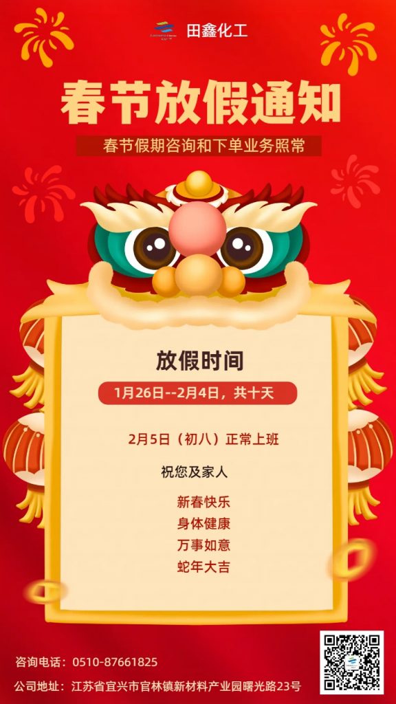 隨著歲末鐘聲的臨近,我們即將迎來充滿喜悅與希望的2025年。無錫市田鑫化工有限公司春節放假時間為:1月26日-2月4日,2月5日(正月初八)上班。在此,無錫市田鑫化工有限公司全體員工向您及您的家人致以最誠摯的新春祝福!感謝您在過去一年對我們的信任與支持,祝愿您及家人新春快樂,身體健康,萬事如意,蛇年大吉!
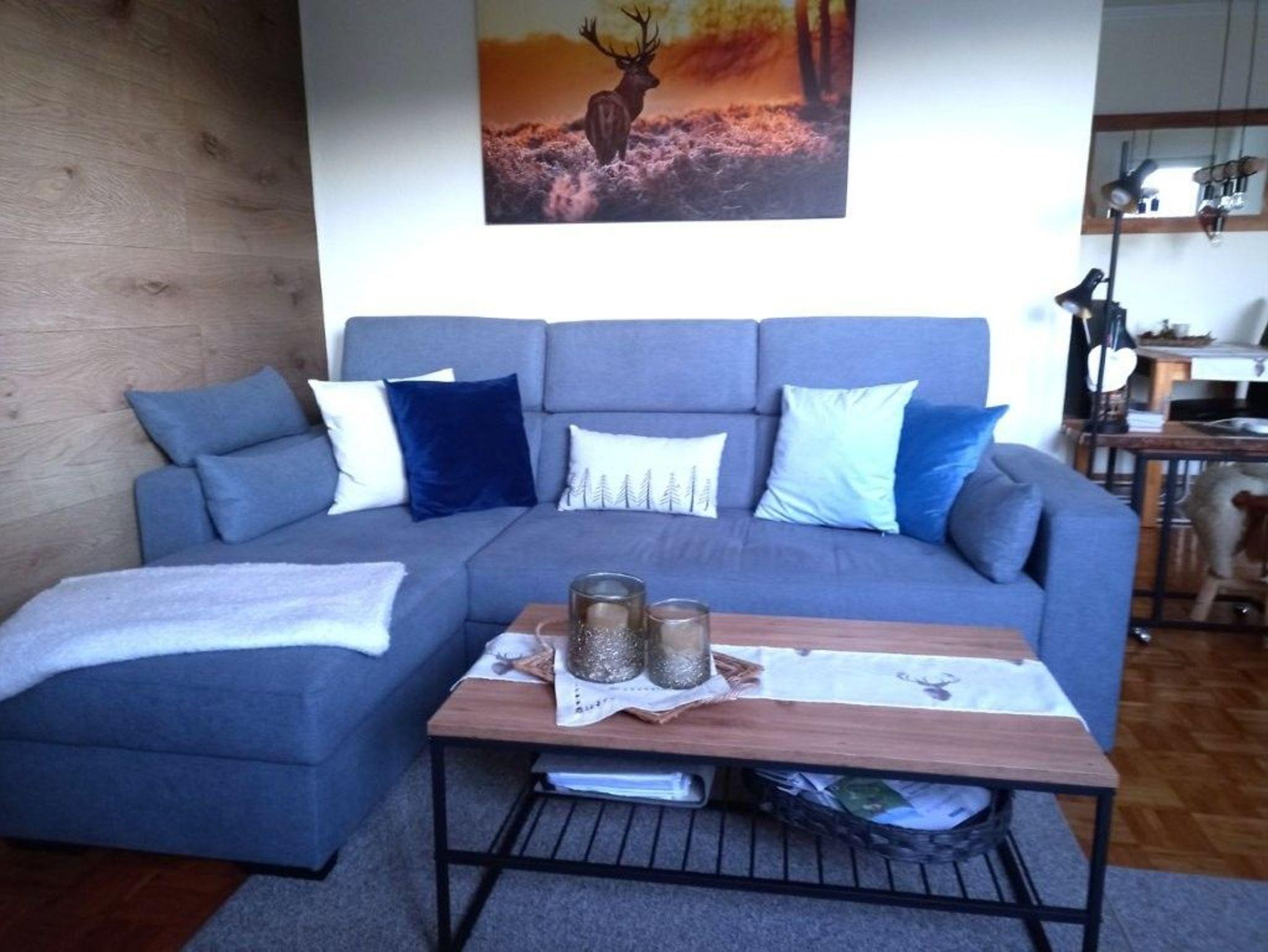 Im Wohnbereich - direkt vor der Küche - steht ein Esstisch mit 4 Stühlen. Eine Eckcouch mit Schlaffunktion und Bettkasten für einen dritten Gast ist vorhanden. Die Sessel vor dem großen Panoramafenster (neu seit der Sanierung) laden Sie herzlich ein - Sie lesen etwas, genießen ein Getränk oder schauen einfach nur zum Fenster hinaus... Ein Flachbildschirm, eine Radio-Musik-Anlage mit USB-Anschluss ist ebenfalls vorhanden.
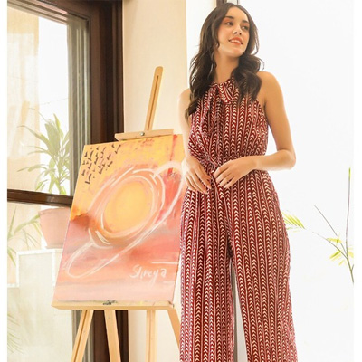 Maroon & White Printed Basic Jumpsuit
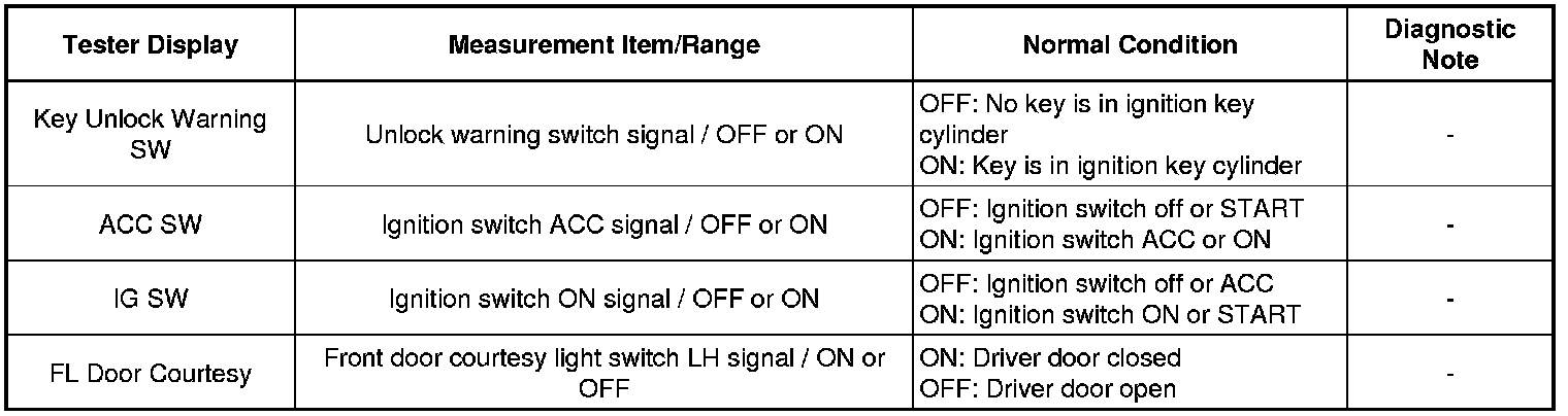DOOR LOCK: KEY REMINDER WARNING SYSTEM: DATA LIST / ACTIVE TEST
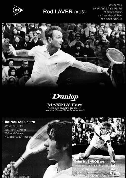 This page showcases a selection of historic tennis rackets alongside the players who made them famous. From classic wooden designs to innovative metal and composite models, each racket tells a story of skill, style, and evolution. The images highlight both the craftsmanship of the equipment and the legendary figures who wielded them on courts past and present.
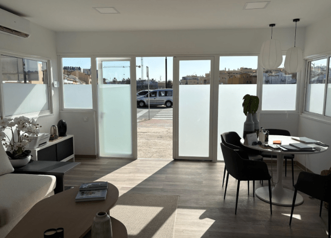 - Vinilado exterior corporativo, que refuerza la identidad visual del proyecto y mejora su presencia de marca desde el primer impacto.
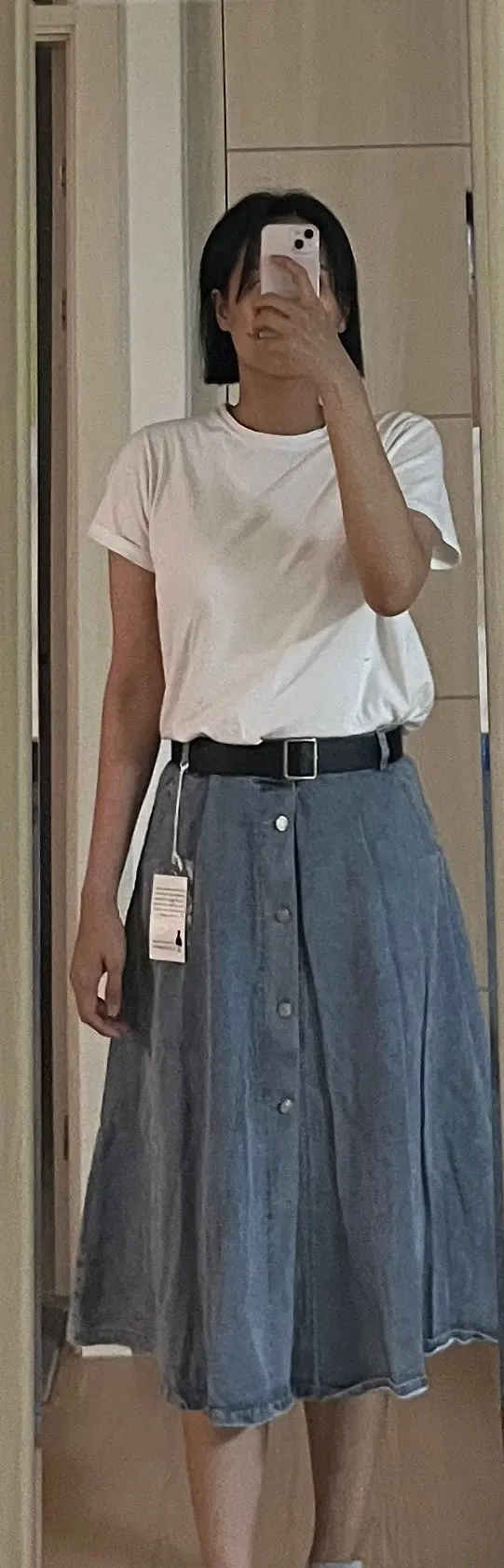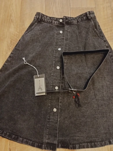 With Belt Button High Waist Saia Jeans
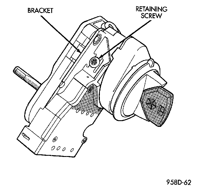 a. Insert key in ignition switch. Turn key to LOCK position. Using a TTXR20A2 or equivalent torx bit, remove key cylinder retaining screw and bracket.

- Work request:
Transcribe the lines above exactly, beginning at the one with "Maroon & White Printed Basic Jumpsuit" and ending at the one with "DOOR LOCK: KEY". Include both; exclude the pictures.

- Solution to this exercise:
 Maroon & White Printed Basic Jumpsuit
DOOR LOCK: KEY REMINDER WARNING SYSTEM: DATA LIST / ACTIVE TEST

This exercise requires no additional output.